You didn't mention which method you use for the Kubernetes deployment. In Apache Pulsar Helm chart deployments, there's some advice and important security notice: https://github.com/apache/pulsar-helm-chart?tab=readme-ov-file#external-access-recommendations . In Apache Pulsar Helm chart, the external access is via Pulsar Proxy and it requires changing the default configuration. There's also comments and security notice in the values.yaml file: https://github.com/apache/pulsar-helm-chart/blob/c341e7d65d8d351adc1f866acc2bf67c51a96b5c/charts/pulsar/values.yaml#L1448-L1468 .

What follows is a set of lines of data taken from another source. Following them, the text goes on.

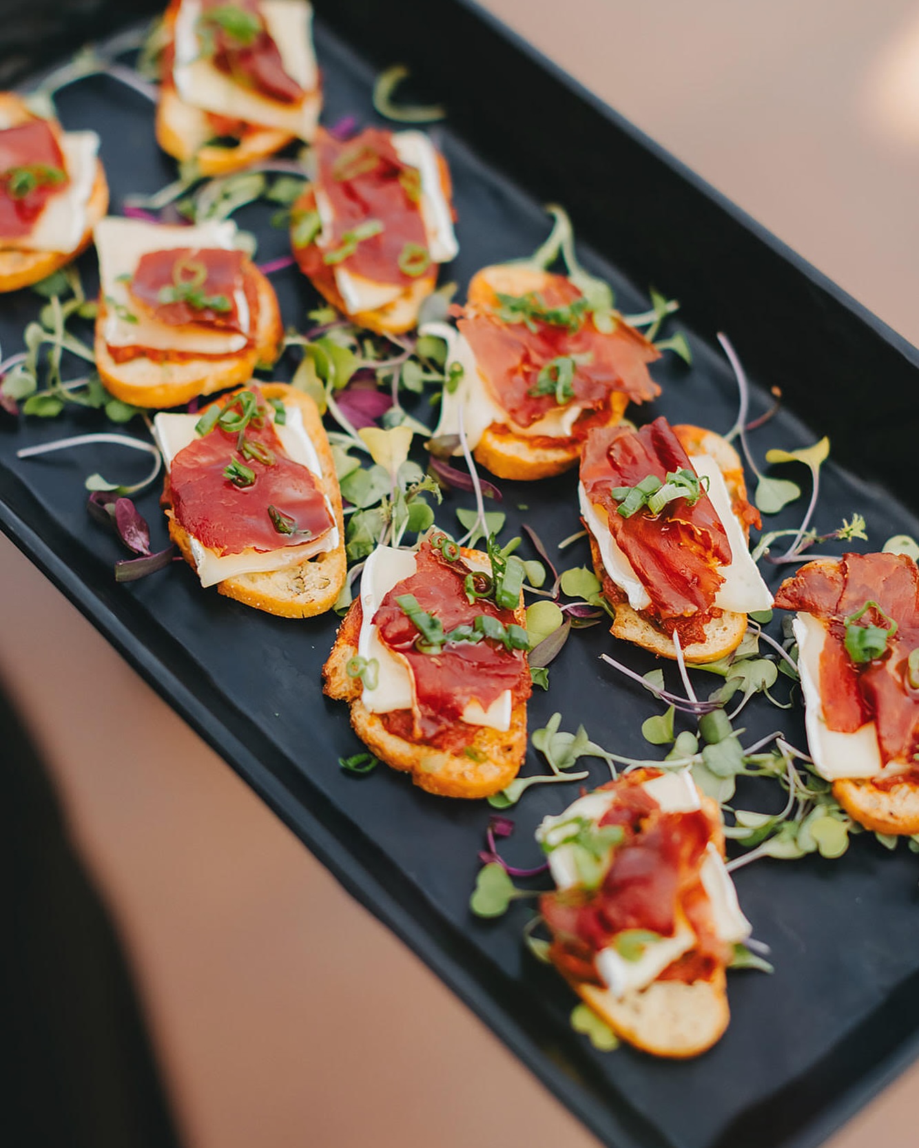PEJ Events knows how to elevate flavors with their mouthwatering creation: roasted tomato jam, torched brie, and crispy prosciutto. A perfect blend of sweet, savory, and smoky!
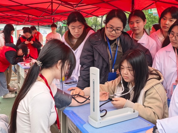 健康义诊区,健康管理专业志愿者为师生测量血压,结合生活习惯讲解防控知识,并给出个性化调理建议。志愿者们以专业知识守护健康,让关怀实实在在温暖人心。
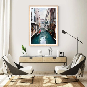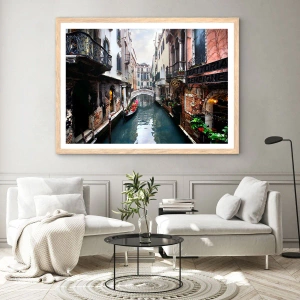 Poster în ramă de stejar deschis - Peisaj venețian cu gondolă și pod - 91x61 cm
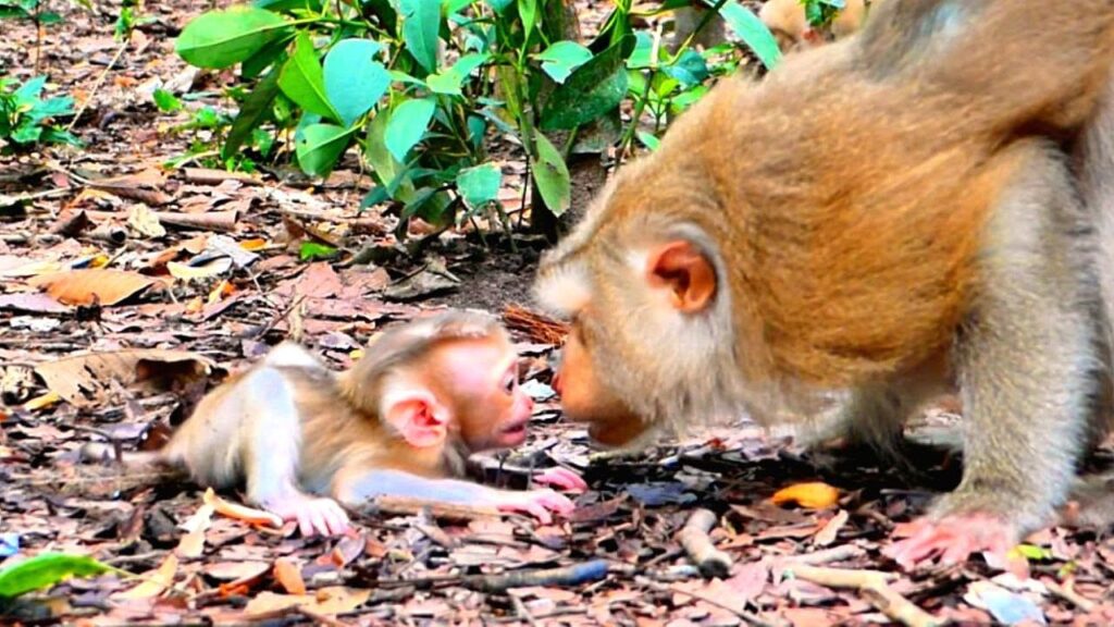 Joyce, experienced and calm, is simply following instinct—preparing her baby to become more independent. She encourages Jacee to explore solid food, nudging him gently toward small fruits and leaves. But to Jacee, nothing compares to mommy’s milk. He chases her through the trees, whimpers softly, and stretches his tiny hands toward her chest, clearly not ready to move on.
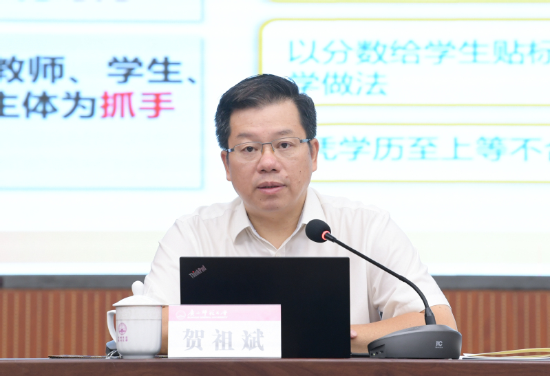 校长贺祖斌作题为《深化教育评价改革,推进一流大学建设》的主题报告
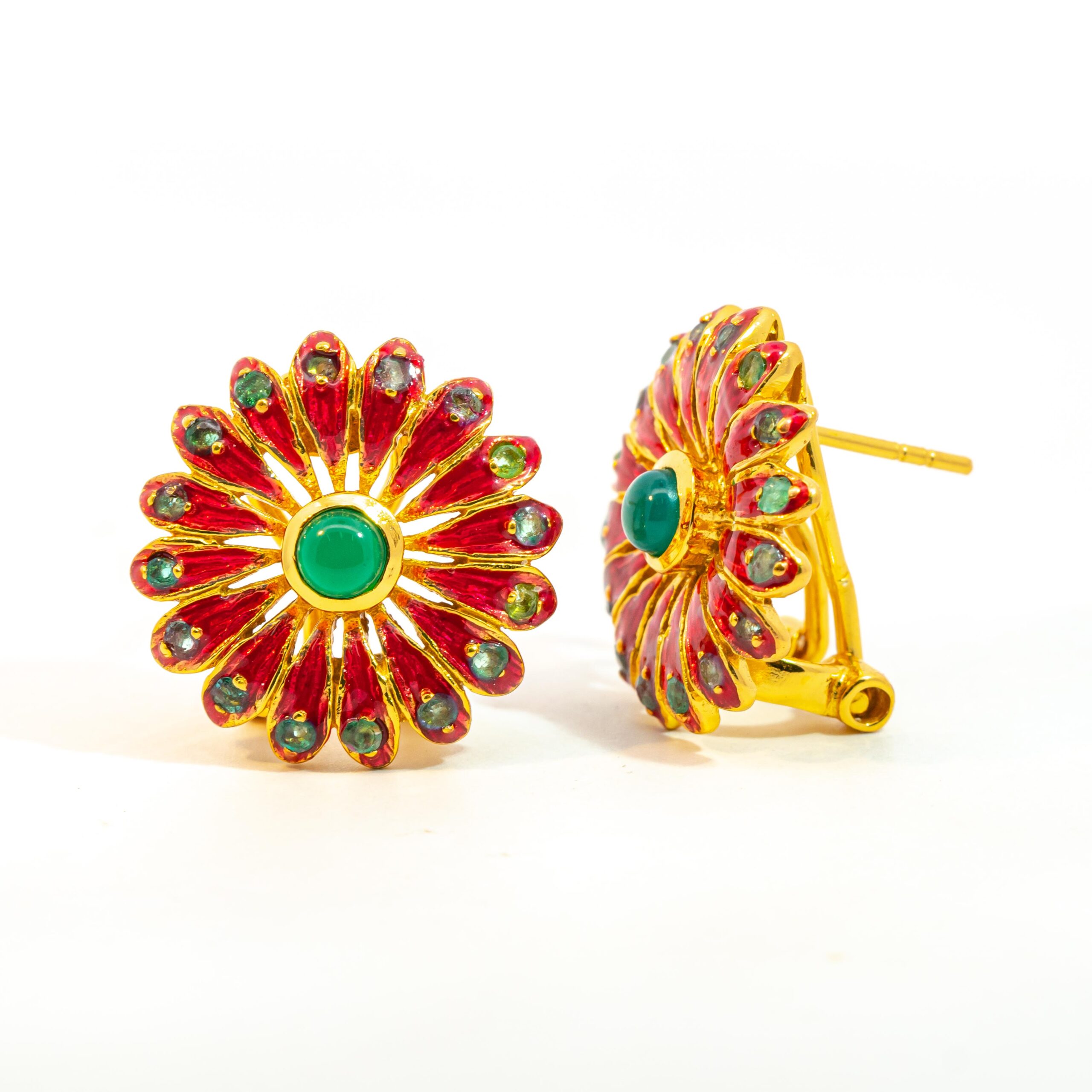 Sterling silver jewelry with 22k gold plated, natural stone and enamel.
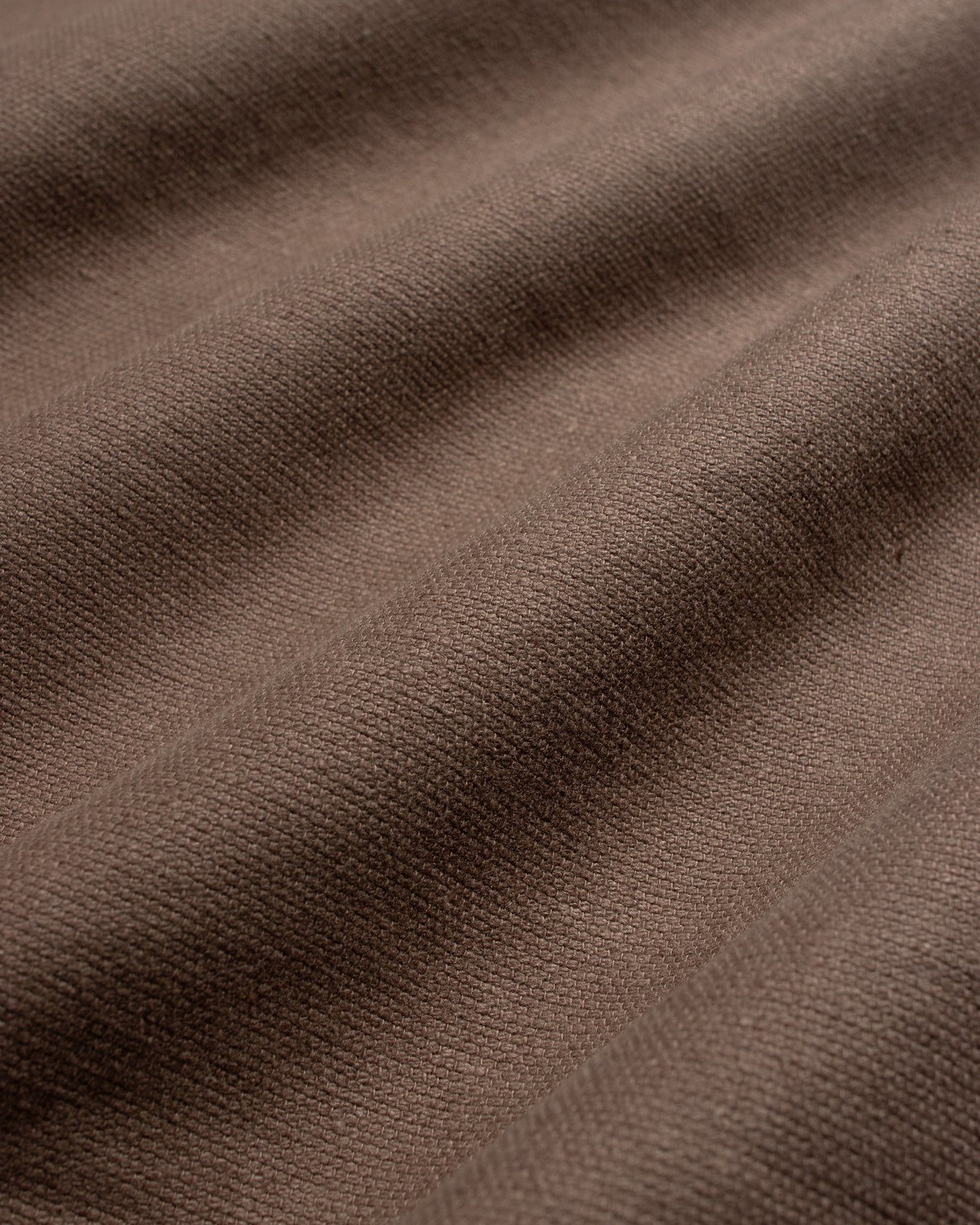 Far Afield's Normsk Jacket in brown is back and ready for action. Crafted from a breathable cotton-hemp canvas blend that only gets better with wear, this lightweight overshirt strikes the perfect balance between rugged durability and everyday comfort. Its clean lines nod subtly to military heritage, while sharp collar detailing and oversized chest pockets with hidden snap closures keep things looking sharp. Brown canvas.

The advertisedListeners, bindAddresses configuration doesn't have good examples at the moment. There's some docs, but it's not complete. The main use case in Kubernetes would be to enable external access using NodePorts. There would have to be a NodePort service for each broker pod and the pod would have to dynamically configure advertisedListeners when the pod starts up on a specific node so that routing would happen directly to the node where the pod is running. Regarding the advertisedListeners/bindAddresses config, I used the minimal config in an integration test where Kubernetes is running in a k3s docker container: https://github.com/apache/pulsar/blob/807dcaf5d928f8202c1bf8b8402cfcf72a41e63d/tests/integration/src/test/java/org/apache/pulsar/tests/integration/k8s/AbstractPulsarStandaloneK8STest.java#L355-L357 For a real cluster, it would be different since the advertisedListeners value would have to be set dynamically.

lhotari avatar Nov 21 '25 08:11 lhotari

Before enabling geo-replication, you should validate the connection between the clusters, so that you can produce messages into a topic from the source cluster to the target cluster. You can use the command line tool PULSAR_CLIENT_CONF=$PWD/myconfig.conf /pulsar/bin/pulsar-client produce to perform this test, where you'd put the client's configuration in the myconfig.conf file. You can copy the /pulsar/conf/client.conf to myconfig.conf and then modify the values. In the Apache Pulsar Helm chart, there isn't a great solution from security perspective for authorization and authentication across the clusters. If you use the JWT token auth, the private key would have to be shared. This is not great since rotating the keys is very hard without significant service impact. The more recommended approach is to use OIDC authentication and there's support in the Helm chart, but there isn't much docs about how to configure it with multiple clusters.

lhotari avatar Nov 21 '25 08:11 lhotari